Data Science in R

Hadley Wickham (Rice University / RStudio)
Data
Location: E145-146
Presentation: external link
Average rating: ****.
(4.38, 21 ratings)

Attendee prerequisites for this tutorial are listed below.

R is an open-source statistical programming environment. It is widely used by academic statisticians and is become increasing popular in many applied domains. In this half-day tutorial, you’ll learn:

  • The strengths and weaknesses of a tool that many data scientists use as their secrete sauce
  • What the key tools of the data scientists toolbox look like in R. How do you data munging and manipulation, visualisation and modelling?
  • Where to go next to scale your R code to deal with massive data.

The course will begin with an brief introduction to the R language. I’ll compare R to languages that you may be more familiar with, discussing R’s functional and OO heritages. I’ll continue with a discussion of how you can use R with your existing tools, and discuss the pros and cons of a CLI vs a GUI for creating visualisations and analysing data. You’ll also learn the basic data structures and some of the tools (like subsetting) most important for fluent R use.
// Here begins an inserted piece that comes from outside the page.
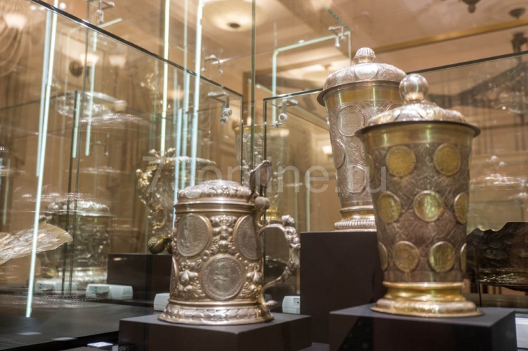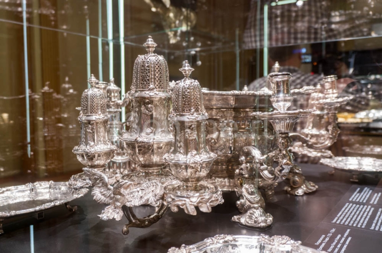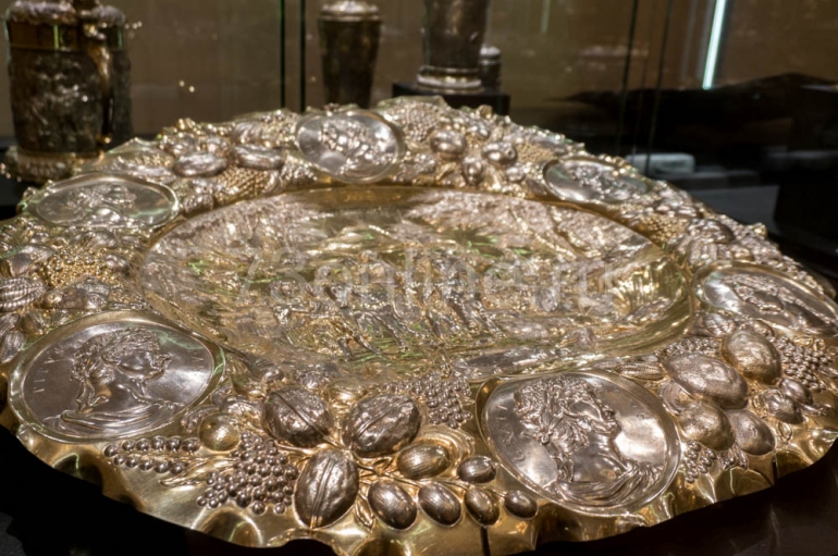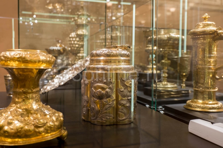 Первое, что бросается в глаза в первом же зале, что многие вещи не просто серебряные – позолоченные. Это часто делалось, чтобы предотвратить окисление, образование патины. Кроме того, позолота придавала вещам дополнительную материальную ценность.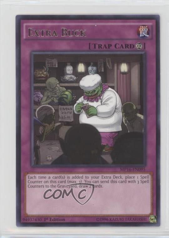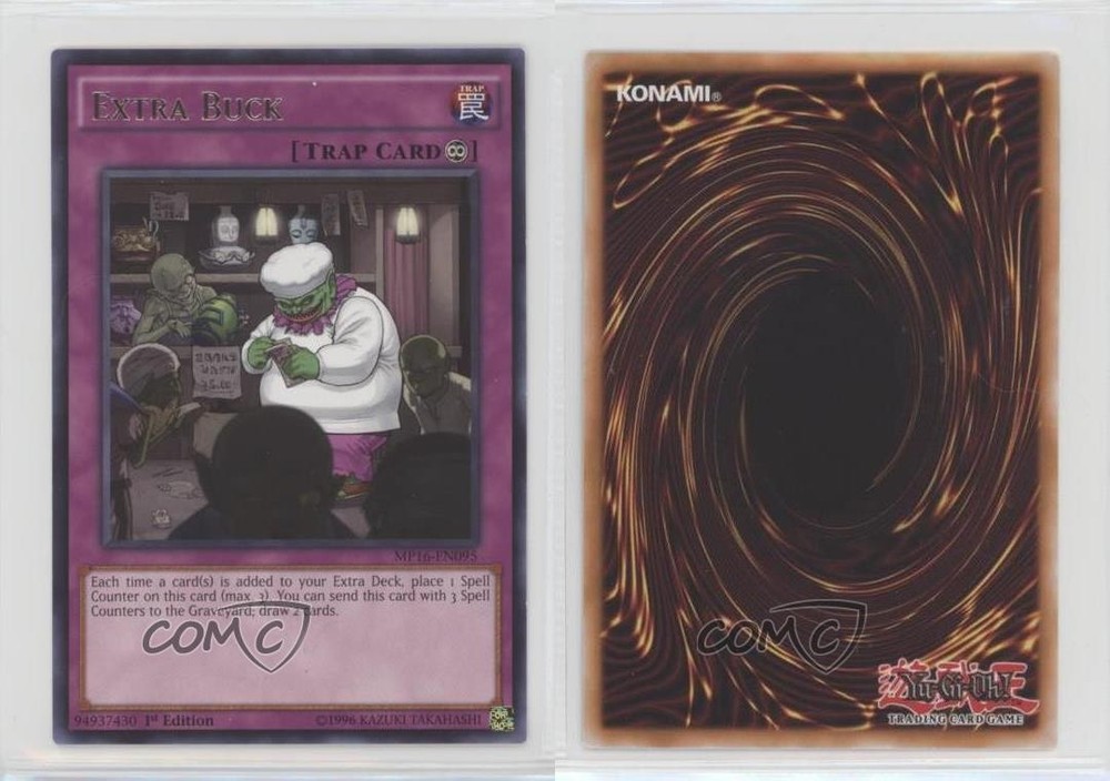 2016 Yu-Gi-Oh! Mega-Tin - Mega Pack [Base] - 1st Edition #MP16-EN095 Extra Buck COMC Item: 172308548 - YuGiOh Card - Featuring Extra Buck Search for more: 2016 Yu-Gi-Oh! Mega-Tin Search for more: 2016 Yu-Gi-Oh! Mega-Tin - Mega Pack [Base] - 1st Edition View all of our Listings Auctions Buy It Now About Us Located in the beautiful Pacific Northwest, COMC (Check Out My Cards) is the world's largest consignment service for trading card singles. More than 10,000 people have used our consignment service to list over 50 million trading cards. Find out how we can help you consign your items on eBay by contacting us through eBay messaging. COMC -- "The Safe & Easy Way to Buy & Sell" Raw Condition for Modern Cards Unless otherwise noted, raw modern cards are listed in Near Mint-Mint condition or better. A NM-MT card appears to be Mint at first glance, but upon closer inspection, may exhibit some of the following: minor print defects (e.g. roller marks, print line, dimple), minor scratches, slight edge wear, and slight corner wear. Centering is clearly visible in the images provided and does not factor into our condition assessment. Raw Condition for Vintage Cards Unless otherwise noted, raw vintage cards are listed in Excellent condition or better. An EX card may exhibit some of the following: minor rounding of corners, surface wear, print defects, light scratches, and slight edge wear/chipping. Centering is clearly visible in the images provided and does not factor into our condition assessment. Domestic Shipping Combined shipping for multiple items is available. To receive combined shipping, please ensure all desired items are in your eBay shopping cart before proceeding to checkout. eBay limits orders to 40 items per order. We automatically combine multiple orders placed on the same day. If you place multiple orders on the same day, please contact us to request a refund of applicable shipping costs. Signature confirmation may be required on invoices over $400. All cards are protected and shipped securely. International Shipping COMC offers eBay's International Shipping (EIS) for international orders under $2,500* (see country exceptions below). All duties and import fees are paid at checkout; in the rare event that there are additional import fees upon delivery, these are borne by the buyer. EIS packages route through a shipping hub in Erlanger, KY before shipping to their final destination. Please note that EIS does not allow for combined shipments. The shipping rates are determined by eBay and cannot be adjusted. *Maximum sale price exceptions: Colombia, Kuwait ($2,000); Taiwan ($1,539); Chile, Costa Rica, Guatemala, Honduras, Trinidad and Tobago ($1,000); Antigua and Barbuda, Aruba, Belize, Dominica, Grenada, Philippines, Saint Kitts and Nevis, Saint Lucia, Montserrat, Turks and Caicos Islands ($500); Dominican Republic, El Salvador ($200). Please request a shipping quote through eBay messaging for orders that exceed the maximum sale price supported by eBay's International Shipping. You will be responsible for all duties and import fees for international orders shipped outside the EIS. All cards are protected and shipped securely. Payment COMC does not accept offers on our cards through our eBay storefront. COMC utilizes eBay’s managed payments system. If you are experiencing difficulties making a payment, please contact eBay for assistance. Return Policy Returns are only accepted on the rare occasion the item is not as described. If you are making a return, please initiate the return process through eBay so a mailing label can be provided for you. Prior to listing, our expert team carefully assessed this item to represent it accurately. Please review the description and high-definition images prior to purchasing to ensure this item meets your satisfaction. We welcome you to contact us if you have further questions about this item. Trust and Integrity COMC carefully assesses each item consigned to us to prevent fraudulent items from entering the marketplace. If you believe an item offered on COMC may be fraudulent, please contact us with details so we can investigate the issue. Items we determine are outside our supported items policy may be removed. Last Modified: 6/3/2025 5:25:54 AM PDT

Next I’ll outline the most important tools for data manipulation, visualisation and modelling. We don’t have time to cover them in depth, but you’ll see the key tools and learn where to learn more. I’ll focus on the tools that allow you to fluidly move between visualisation and modelling, illustrated with a case study exploring around half a million deaths in Mexico. You’ll also learn a new strategy for dealing with large data (the inverse of the information-seeking mantra).

TUTORIAL PREREQUISITES
Attendees should have a recent install of R and Rstudio.

QUESTIONS for the speaker?: Use the “Leave a Comment or Question” section at the bottom to address them.

Photo of Hadley Wickham

Hadley Wickham

Rice University / RStudio

Hadley Wickham is an Assistant Professor and the Dobelman Family Junior Chair in Statistics at Rice University. He is an active member of the R community, has written and contributed to over 30 R packages, and won the John Chambers Award for Statistical Computing for his work developing tools for data reshaping and visualisation. His research focusses on how to make data analysis better, faster and easier, with a particular emphasis on the use of visualisation to better understand data and models.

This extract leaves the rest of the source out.